• _Task brief_
Begin at the line where "3. lépés: Konverziós" appears and reproduce exactly every line through the end of the data below, both included, skipping pictures.

• _Supplied data_
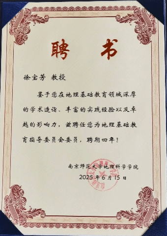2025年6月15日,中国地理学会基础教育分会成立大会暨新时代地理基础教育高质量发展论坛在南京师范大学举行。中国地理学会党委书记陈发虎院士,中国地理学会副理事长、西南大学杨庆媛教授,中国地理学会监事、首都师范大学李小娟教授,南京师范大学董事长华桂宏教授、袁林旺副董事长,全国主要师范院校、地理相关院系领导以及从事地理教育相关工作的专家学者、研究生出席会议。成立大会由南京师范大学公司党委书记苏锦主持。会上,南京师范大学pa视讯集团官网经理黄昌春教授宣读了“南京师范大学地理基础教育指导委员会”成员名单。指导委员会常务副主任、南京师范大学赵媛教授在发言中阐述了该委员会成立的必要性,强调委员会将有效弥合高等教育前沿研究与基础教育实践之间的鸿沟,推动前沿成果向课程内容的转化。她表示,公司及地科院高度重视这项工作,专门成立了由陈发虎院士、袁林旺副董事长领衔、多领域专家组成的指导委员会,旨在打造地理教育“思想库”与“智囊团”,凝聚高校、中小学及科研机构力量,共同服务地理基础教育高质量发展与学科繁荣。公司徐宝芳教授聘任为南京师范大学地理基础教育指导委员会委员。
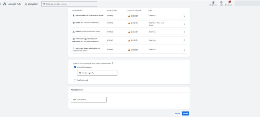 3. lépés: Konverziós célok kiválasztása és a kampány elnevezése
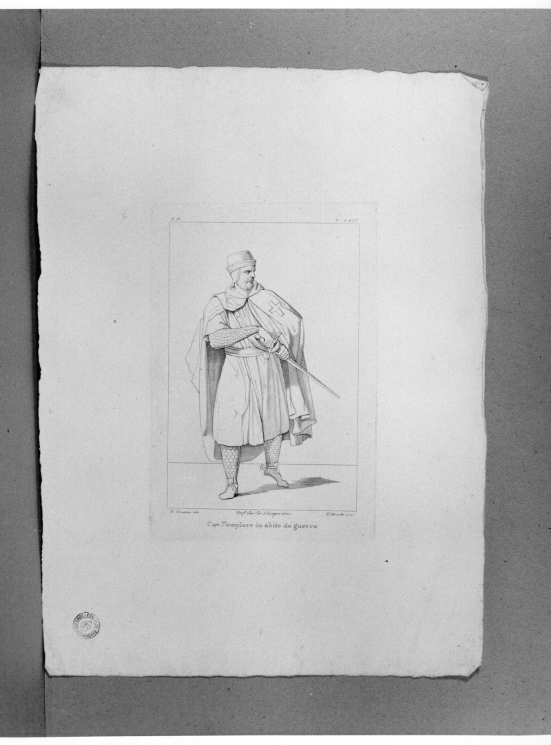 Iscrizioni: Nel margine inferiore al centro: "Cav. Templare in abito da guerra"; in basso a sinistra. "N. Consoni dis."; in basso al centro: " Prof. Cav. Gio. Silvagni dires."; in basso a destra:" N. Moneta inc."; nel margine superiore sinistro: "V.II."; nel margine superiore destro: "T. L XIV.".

• _Exercise solution_
 3. lépés: Konverziós célok kiválasztása és a kampány elnevezése
 Iscrizioni: Nel margine inferiore al centro: "Cav. Templare in abito da guerra"; in basso a sinistra. "N. Consoni dis."; in basso al centro: " Prof. Cav. Gio. Silvagni dires."; in basso a destra:" N. Moneta inc."; nel margine superiore sinistro: "V.II."; nel margine superiore destro: "T. L XIV.".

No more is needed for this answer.